Critics say such filters are flawed and often scoop up innocent sites in their n3 et — as when Denmark's child pornography filter briefly blocked access to Google and Facebook last year because of a glitch.
On the streets of Iceland's capital, Reykjavik, there was some support for a porn ban, but also skepticism about how would work.
"I think this is a good idea, but I think it might be problematic to implement this," said shop assistant Ragnheidur Arnarsdottir. "It is difficult to fight technology."
Iceland's moves are being closely watched. It may be a tiny country of only 320,000 people, but its economic and social experiments — like its active volcanos — often have international impact.
For centuries economically dependent on fishing, Iceland transformed itself in the early 21st century into a pioneer of aggressive credit-driven banking. Then in 2008, the country's debt-burdened banks all collapsed, making Iceland the first and most dramatic casualty of the global financial crisis, and leaving a string of failed businesses around the world.

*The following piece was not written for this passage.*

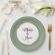 Personalizar estos elegantes platos de papel dorado verde sabio y subió con un toque especial. Este moderno diseño presenta los nombres de la novia y del novio, la fecha del boda, una palmera artística y un elegante círculo de Relieve metalizado de cobre rosa metálico sobre un sabio fondo verde. Si necesita ayuda o elementos coincidentes, por favor contáctame.
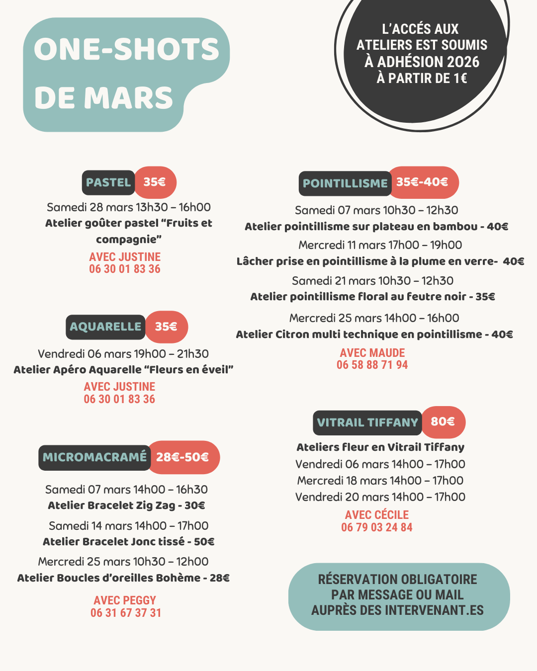 L’adhésion est ouverte à toutes et tous, à partir de 1 €, et permet de soutenir concrètement un collectif local d’artistes et d’artisans.

The economy is now bouncing back, aided by Iceland's status as one of the world's best connected countries, with one of the highest levels of Internet use on the planet. Recent initiatives to boost growth include plans to make Iceland a global center of media and technology freedom — a status that advocates like McCarthy fear could be threatened by an online porn ban.
Anti-porn activists, however, are hailing Iceland as a pioneer. It is certainly not afraid to go its own way. Although the country has largely liberal Scandinavian values, it broke with most of Europe in 2010 by banning banned strip clubs.
"This is a country with courage," said Gail Dines, a professor of sociology and women's studies at Wheelock College in Boston and author of the book "Pornland."
"Iceland is going to be the first country with the guts to stand up to these predatory bullies from L.A. (in the porn industry)," she said. "It is going to take one country to show that this is possible."
But opponents say the project is both misguided and doomed.
"I can say with absolute certainty that this will not happen, this state filter," said Icelandic parliamentarian Birgitta Jonsdottir, a prominent advocate of online freedom.
She is confident those drafting the anti-porn measures will see the error of their ways. They may also run out of time — Iceland is due to hold parliamentary elections in April, and the unpopular coalition government could be thrown out.
Jonsdottir said the key to protecting children and others from hardcore harm is for citizens to better inform themselves about the Internet and how it works.
"People just have to make themselves a bit more knowledgeable about what their kids are up to, and face reality," she said.
Gunnarsdottir, the political adviser backing the ban, just hopes the emotional debate around the issue will cool down.
"I think we should be able to discuss the Internet with more depth, without just shouting censorship on the one hand and laissez-faire on the other hand," she said.
"Is it freedom of speech to be able to reach children with very hardcore, brutal material? Is that the freedom of speech we want to protect?"